Records for the exercise:
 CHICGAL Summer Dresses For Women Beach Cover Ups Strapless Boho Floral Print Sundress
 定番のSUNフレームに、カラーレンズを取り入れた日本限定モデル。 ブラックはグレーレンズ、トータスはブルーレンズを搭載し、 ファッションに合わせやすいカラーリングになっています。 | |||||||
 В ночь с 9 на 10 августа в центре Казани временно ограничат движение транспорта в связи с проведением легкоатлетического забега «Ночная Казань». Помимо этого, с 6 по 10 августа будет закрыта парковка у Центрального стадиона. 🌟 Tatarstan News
* * *
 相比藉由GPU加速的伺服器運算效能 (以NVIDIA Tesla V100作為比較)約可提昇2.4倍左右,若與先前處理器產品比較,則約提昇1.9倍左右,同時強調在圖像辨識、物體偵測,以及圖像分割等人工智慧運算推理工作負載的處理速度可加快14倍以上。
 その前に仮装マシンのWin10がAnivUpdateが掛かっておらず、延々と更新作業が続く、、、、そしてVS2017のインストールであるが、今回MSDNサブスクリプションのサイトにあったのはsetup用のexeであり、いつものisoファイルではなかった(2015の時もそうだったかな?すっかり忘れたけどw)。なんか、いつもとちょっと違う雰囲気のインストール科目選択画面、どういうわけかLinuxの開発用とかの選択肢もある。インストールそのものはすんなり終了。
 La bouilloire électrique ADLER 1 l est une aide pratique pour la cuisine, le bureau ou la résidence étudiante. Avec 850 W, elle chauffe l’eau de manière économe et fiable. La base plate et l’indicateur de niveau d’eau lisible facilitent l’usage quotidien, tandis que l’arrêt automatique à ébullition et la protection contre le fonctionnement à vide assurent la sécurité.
==
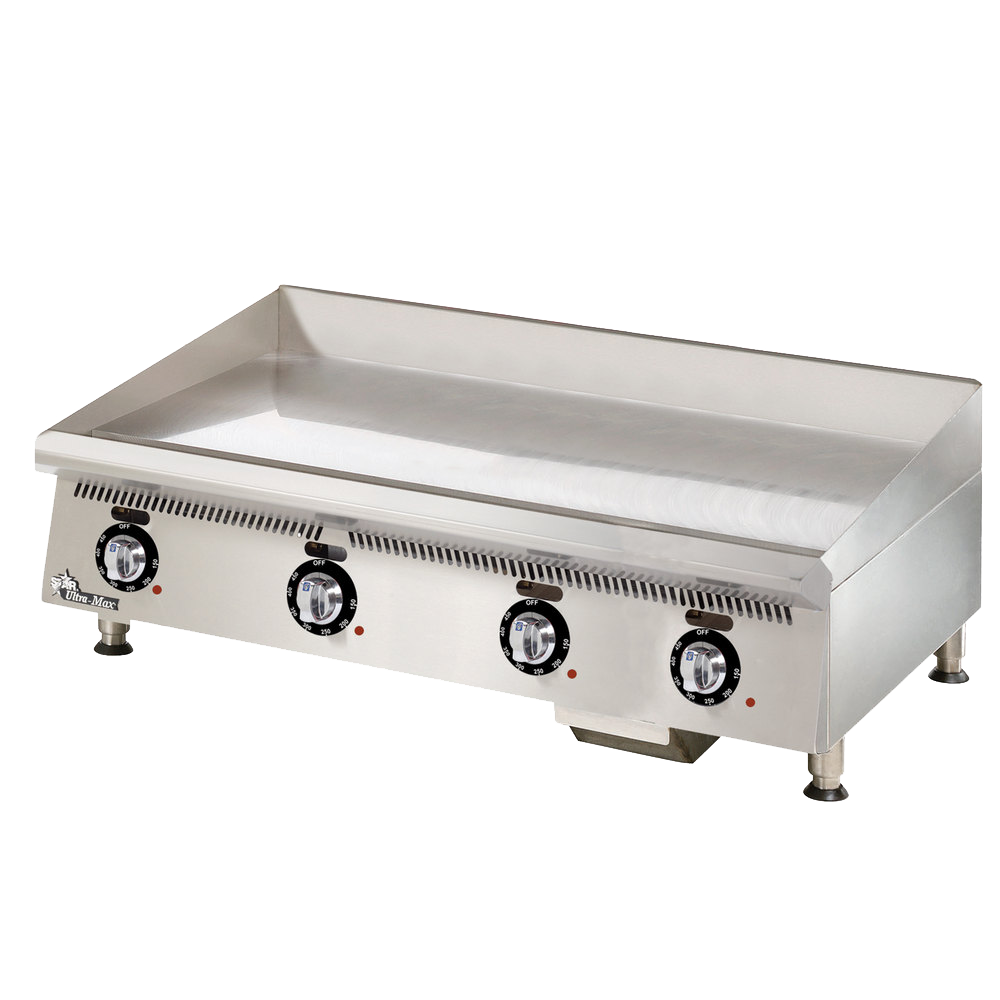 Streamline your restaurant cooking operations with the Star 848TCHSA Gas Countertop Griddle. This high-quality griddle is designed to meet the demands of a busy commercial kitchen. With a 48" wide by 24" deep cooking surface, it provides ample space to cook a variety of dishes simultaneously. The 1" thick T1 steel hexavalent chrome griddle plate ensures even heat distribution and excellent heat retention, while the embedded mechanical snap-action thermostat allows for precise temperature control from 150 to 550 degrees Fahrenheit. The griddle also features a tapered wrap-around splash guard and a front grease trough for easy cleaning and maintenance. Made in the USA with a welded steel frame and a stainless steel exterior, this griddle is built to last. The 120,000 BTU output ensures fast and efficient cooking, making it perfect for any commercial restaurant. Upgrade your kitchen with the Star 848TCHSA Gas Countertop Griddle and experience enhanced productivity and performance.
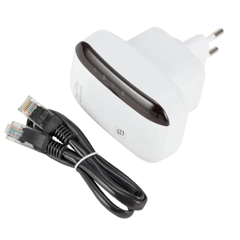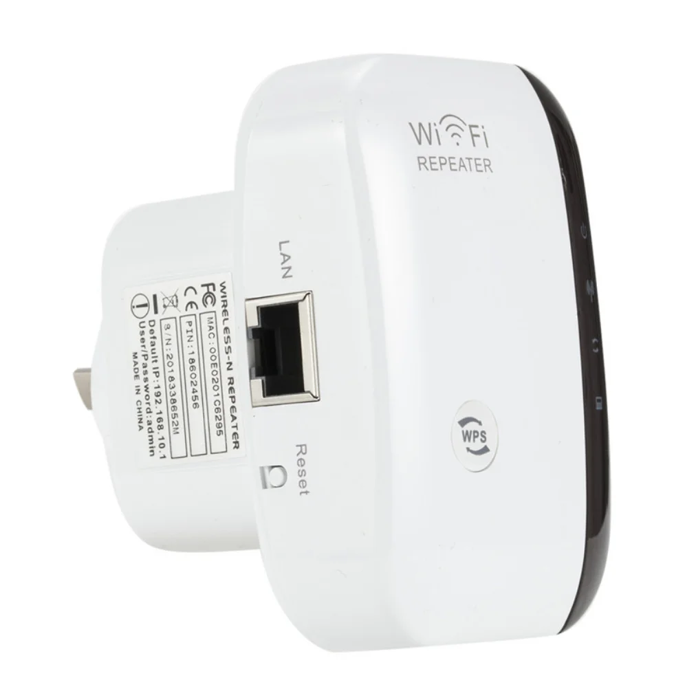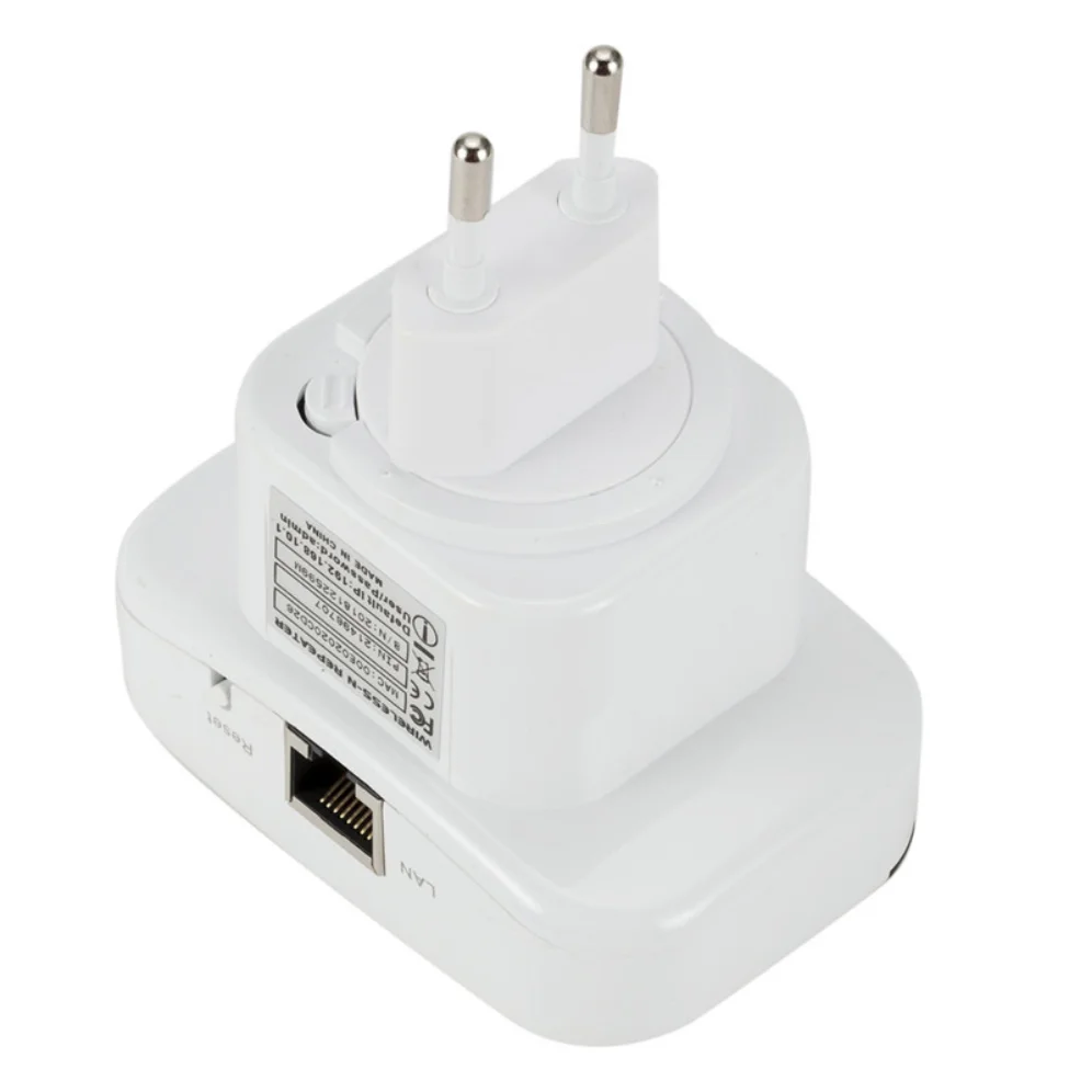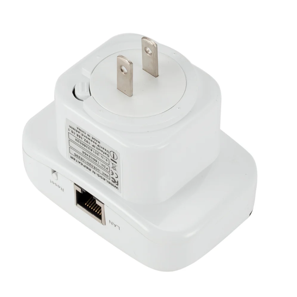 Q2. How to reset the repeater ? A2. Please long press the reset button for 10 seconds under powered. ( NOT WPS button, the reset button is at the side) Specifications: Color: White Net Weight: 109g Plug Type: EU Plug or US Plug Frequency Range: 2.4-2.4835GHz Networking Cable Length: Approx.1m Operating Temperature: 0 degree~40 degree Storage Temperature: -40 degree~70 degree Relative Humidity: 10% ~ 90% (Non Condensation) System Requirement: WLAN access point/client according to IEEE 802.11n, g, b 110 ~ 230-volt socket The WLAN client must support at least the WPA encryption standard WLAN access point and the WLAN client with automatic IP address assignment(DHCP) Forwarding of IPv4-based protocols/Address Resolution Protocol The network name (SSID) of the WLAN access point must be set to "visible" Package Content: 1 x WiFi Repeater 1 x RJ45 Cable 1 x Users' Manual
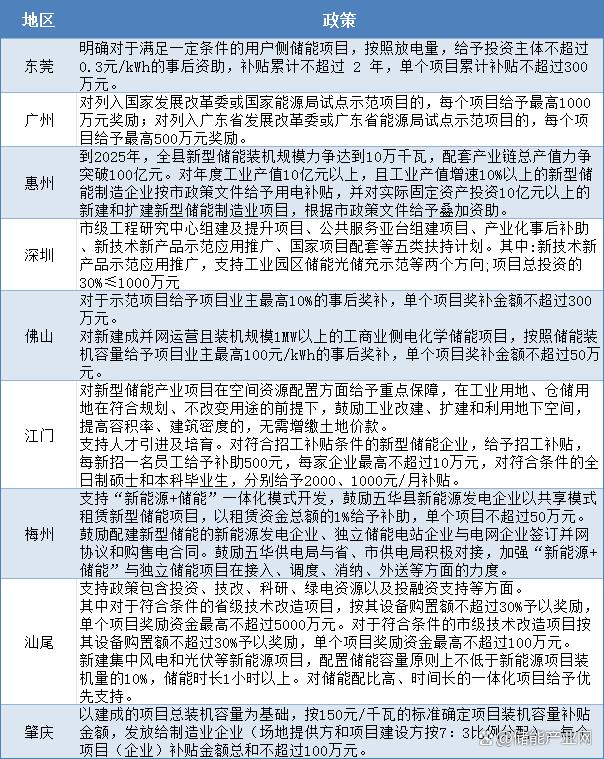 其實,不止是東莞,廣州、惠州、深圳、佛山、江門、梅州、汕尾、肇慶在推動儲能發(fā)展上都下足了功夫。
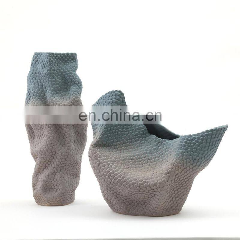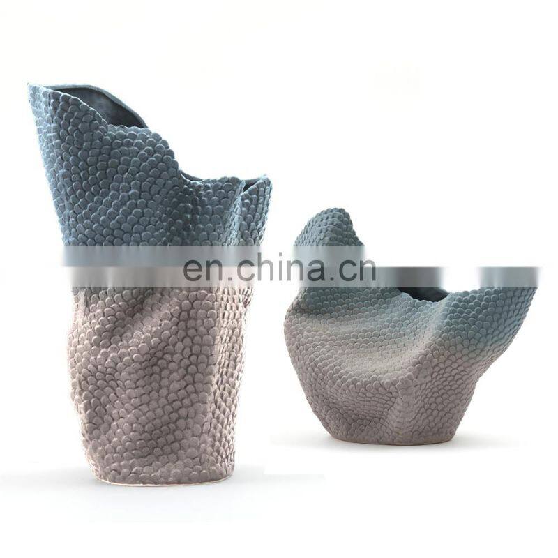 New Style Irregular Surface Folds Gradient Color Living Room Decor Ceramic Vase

Exercise directions: Write out exactly the lines above between the line with "CHICGAL Summer Dresses" and the line with "ファッションに合わせやすいカラーリングになっています。 | |||||||", inclusive, and nothing beyond them.

Result of the exercise:
 CHICGAL Summer Dresses For Women Beach Cover Ups Strapless Boho Floral Print Sundress
 定番のSUNフレームに、カラーレンズを取り入れた日本限定モデル。 ブラックはグレーレンズ、トータスはブルーレンズを搭載し、 ファッションに合わせやすいカラーリングになっています。 | |||||||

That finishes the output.